The law today and the institutions used to up hold it - the courts, the police, prisons, are all part of the state apparatus and as such anything that reinforces the power of the law reinforces the power of the state. Promising stronger more severe policing powers without tackling the root causes of criminality - the massive social inequality that exists in this society, turns governments into repressive regimes.
With such an unequal distribution of wealth within our society, especially when the majority of that wealth comes from exploiting the rest of us, laws are first and foremost designed to protect the property and livelihoods of the rich and powerful, while maintaining order amongst the 'unruly' working class.
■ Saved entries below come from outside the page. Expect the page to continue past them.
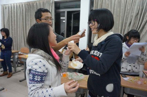 游戏结束后,两位经理为本月的优秀主管与优秀员工颁发奖状。然后,大家为两位员工过生日,他们唱生日歌,分享蛋糕,也分享着快乐以及寒冬里彼此拥抱的温暖。
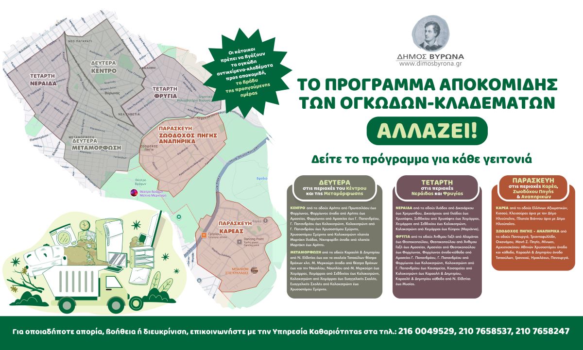 Από Δευτέρα 22 Σεπτεμβρίου, για την βελτίωση της καθαριότητας και της εικόνας της πόλης μας, η αποκομιδή ογκωδών αντικειμένων και κλαδεμάτων θα πραγματοποιείται την ίδια μέρα, κάθε εβδομάδα, σε κάθε γειτονιά, σύμφωνα με το ακόλουθο πρόγραμμα:
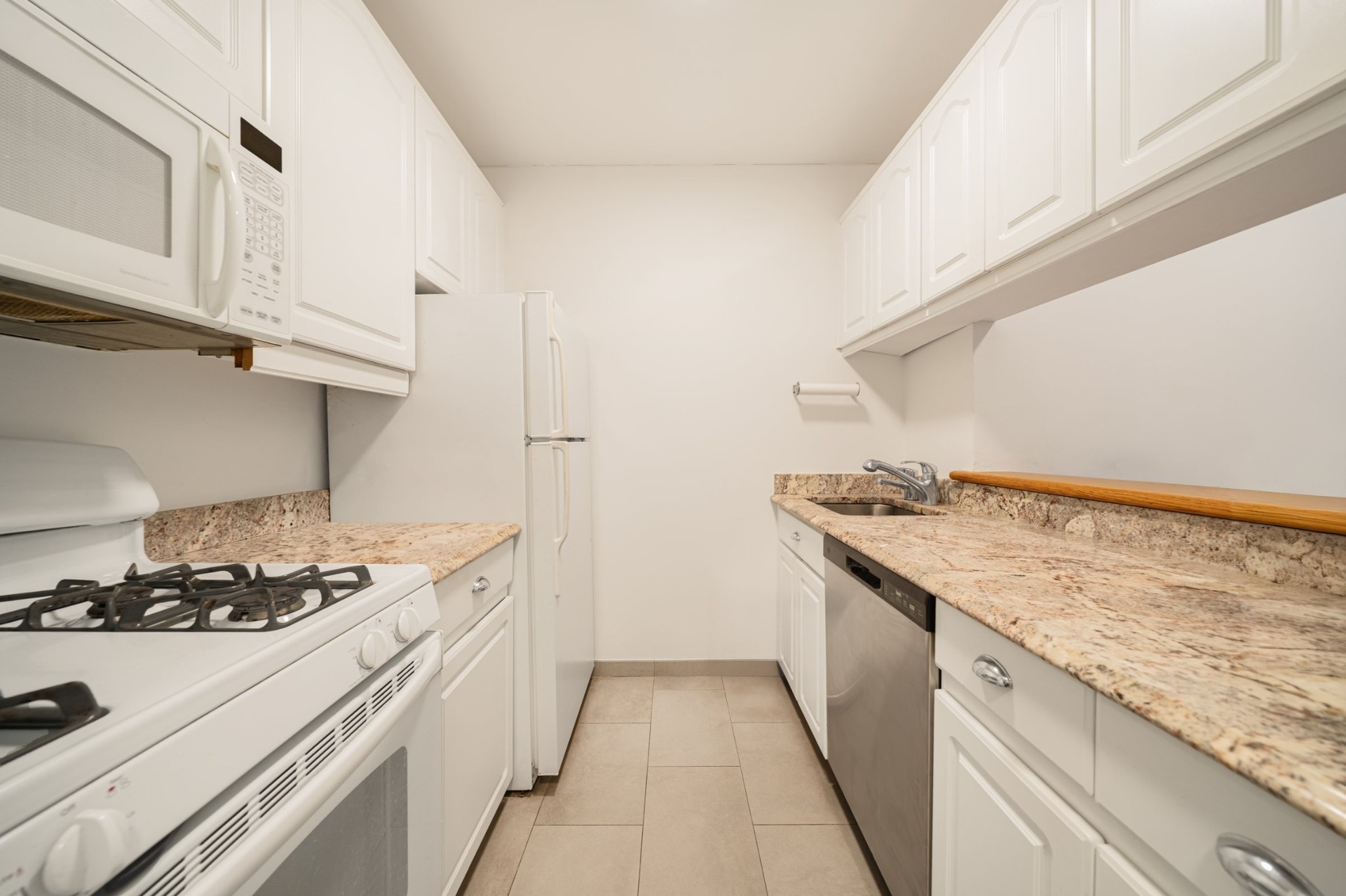 -Classic white kitchen appliances with stainless steel dishwasher & microwave. Abundant cabinetry and counter space
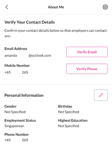 Start by verifying your email and mobile number to make sure employers can reach you.
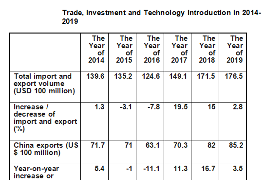 The dependence of foreign trade is high. In 2019, the trade volume of foreign goods was 3.019 trillion, the import volume was about 1.501 trillion, increased by 1% year on year, the export volume was about 1.518 trillion, up 5% year on year, and the trade surplus was 17 billion.
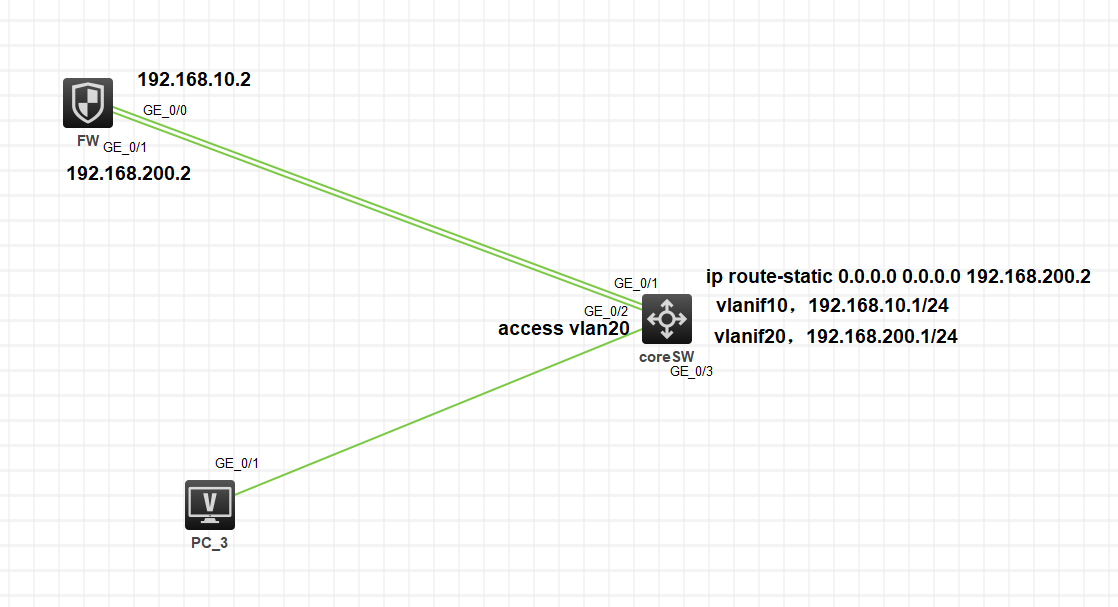 然后防火墙的ge 0/0接口配置一个IP 为 192.168.10.2 就行了
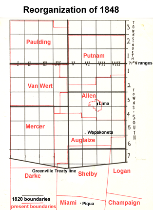 1848년, 앨런군의 경계가 변경되어 남쪽 절반에서 오글레이즈군이 분리되었다. 푸트남군, 밴 웨르트군, 머서군의 일부가 앨런군으로 편입되었다.[12] 이러한 변경으로 군청 소재지인 리마는 군의 중앙에 위치하게 되었고, 1845년에 완공된 마이애미 및 이리 운하의 상당 부분이 앨런군에 포함되었다.

What is clear is that we have more CCTV cameras watching us (over 4.2million in the UK - more than any other in western Europe) more laws introduced against the ordinary citizen (New Labour has invented over 3,600 new criminal offences since 1997), and more opportunities for the police to snoop into our private lives with a national DNA database and the introduction of bio-metric ID cards that can track our every move.
There is genuine fear of crime in society, which is manipulated by media and used to divide communities so that we mistrust our neighbours and it is even harder to maintain strong community ties.
Immigration
Immigration is a controversial subject with strong opinions and feelings surrounding the issue.
The idea of 'no orders' where people are free to move across the globe without being criminalised or persecuted because of their identity maybe seen as utopian but the premise is essentially sound. Borders aren't natural, they are created, often violently through wars, as a means of controlling populations, imposing laws that bind ordinary people to a set of social conditions we have no real stake in or means of challenging - they simply reinforce the authority of the state. It is no co-incidence that the rise of the nation state and the rise of capitalism developed in parallel. In fact capital is free to move around the world, usually from poor to rich countries, unhindered by the same regulation. It is capitalism that causes scarcity and limits resources, not people.
What is beyond refute is immigration is used as a tool to divide us and keeping us fighting amongst ourselves.